(Beginning of Data supplied)
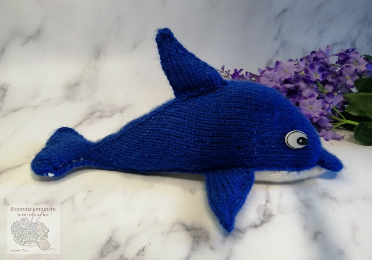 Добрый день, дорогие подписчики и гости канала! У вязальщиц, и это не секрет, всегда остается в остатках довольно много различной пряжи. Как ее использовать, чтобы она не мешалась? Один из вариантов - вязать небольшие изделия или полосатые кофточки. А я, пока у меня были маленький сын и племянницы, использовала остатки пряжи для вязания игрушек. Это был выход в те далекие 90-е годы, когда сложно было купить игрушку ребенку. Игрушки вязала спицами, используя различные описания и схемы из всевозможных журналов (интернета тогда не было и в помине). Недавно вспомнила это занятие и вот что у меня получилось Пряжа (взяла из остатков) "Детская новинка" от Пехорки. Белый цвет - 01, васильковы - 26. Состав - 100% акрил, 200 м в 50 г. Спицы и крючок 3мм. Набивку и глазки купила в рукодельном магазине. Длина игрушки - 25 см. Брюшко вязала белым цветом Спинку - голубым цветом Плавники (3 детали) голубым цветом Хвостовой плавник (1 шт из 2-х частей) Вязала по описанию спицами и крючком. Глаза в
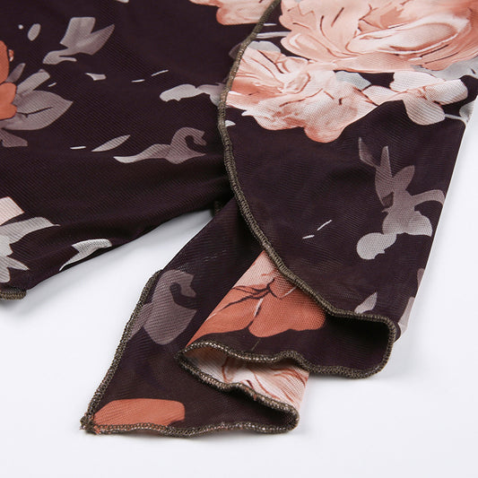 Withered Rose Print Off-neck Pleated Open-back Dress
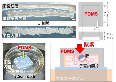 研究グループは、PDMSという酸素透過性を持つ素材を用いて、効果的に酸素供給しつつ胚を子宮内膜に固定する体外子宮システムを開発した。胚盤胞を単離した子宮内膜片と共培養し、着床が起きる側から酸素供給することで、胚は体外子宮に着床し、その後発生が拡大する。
(End of Data supplied)
(Beginning of Data supplied)
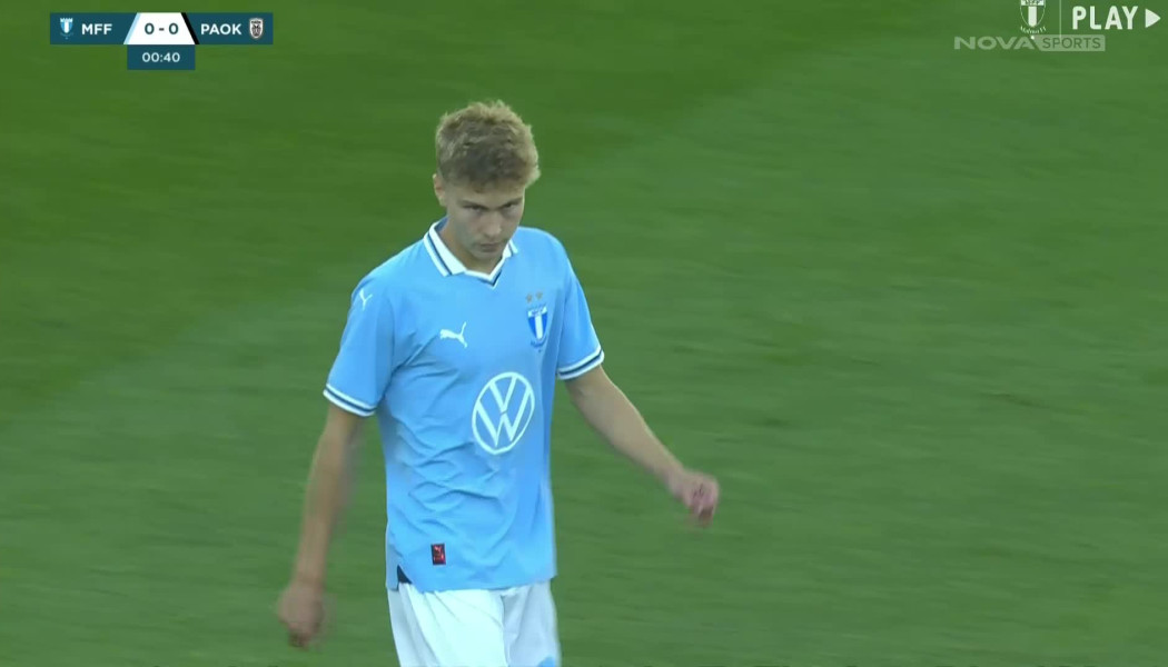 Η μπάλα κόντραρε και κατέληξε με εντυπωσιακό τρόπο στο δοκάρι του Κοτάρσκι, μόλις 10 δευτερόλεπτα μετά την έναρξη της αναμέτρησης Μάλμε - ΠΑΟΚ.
(End of Data supplied)
- _Work to complete_
The response must repeat exactly the lines above from the one with "Withered Rose Print" through the one with "研究グループは、PDMSとい", including both, and must contain no pictures and no other text.

- _Reply to the task_
 Withered Rose Print Off-neck Pleated Open-back Dress
 研究グループは、PDMSという酸素透過性を持つ素材を用いて、効果的に酸素供給しつつ胚を子宮内膜に固定する体外子宮システムを開発した。胚盤胞を単離した子宮内膜片と共培養し、着床が起きる側から酸素供給することで、胚は体外子宮に着床し、その後発生が拡大する。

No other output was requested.